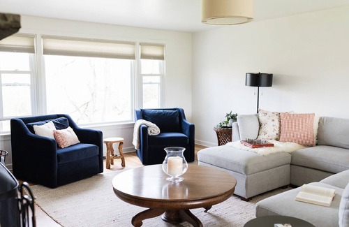 Each piece of furniture was curated with relaxation and luxurious comfort in mind. Enjoy the obnoxious amount of cozy throw blankets, light the fireplace, and sit back to unwind. The best view in the house is in the living room, with floor-to-ceiling windows overlooking the stunning waterfront property. The velvet swivel chairs offer the best views from the outdoors to the 55" smart TV! The comfortable sectional features a storage ottoman and one automatic reclining chair.
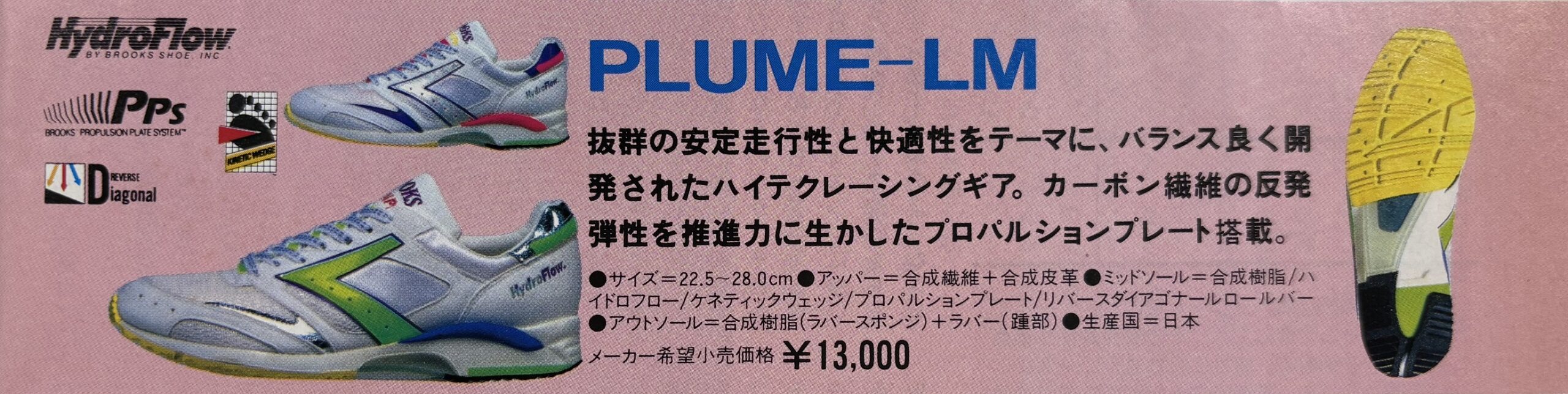 Both models had co-moulded midsoles and outsoles, which saved crucial weight but meant that they would have needed considerable re-design to include the Propulsion Plate System. As it was, the Conquest and Kona Blast were more than competitive enough without needing to risk inclusion of the technology. As it was, Brooks would take no less than five seperate models to market for 1992 with carbon-fibre plates, including the Plume LM which was exclusive to the Japanese market and arguably the most interesting of the quintet.
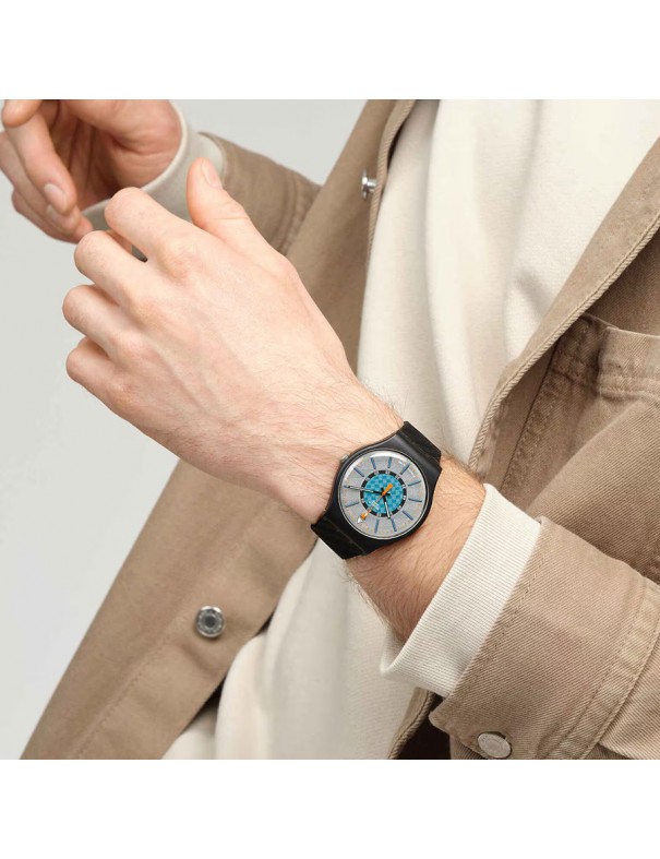 Reloj Swatch Good To Grop para hombre SO32B119. la caja es de material biocerámico y mide 41 mm de diámetro. La pulsera es de silicona con hebilla biocerámica. No es sumergible (3ATM) y tiene tres años de garantía. Colección Power of Nature.
● ● ●
_WHAT TO DO_
Reproduce the opening lines of the material above exactly, ending with the line that contains "Both models had". Omit every picture.

_OUTPUT OF THE TASK_
 Each piece of furniture was curated with relaxation and luxurious comfort in mind. Enjoy the obnoxious amount of cozy throw blankets, light the fireplace, and sit back to unwind. The best view in the house is in the living room, with floor-to-ceiling windows overlooking the stunning waterfront property. The velvet swivel chairs offer the best views from the outdoors to the 55" smart TV! The comfortable sectional features a storage ottoman and one automatic reclining chair.
 Both models had co-moulded midsoles and outsoles, which saved crucial weight but meant that they would have needed considerable re-design to include the Propulsion Plate System. As it was, the Conquest and Kona Blast were more than competitive enough without needing to risk inclusion of the technology. As it was, Brooks would take no less than five seperate models to market for 1992 with carbon-fibre plates, including the Plume LM which was exclusive to the Japanese market and arguably the most interesting of the quintet.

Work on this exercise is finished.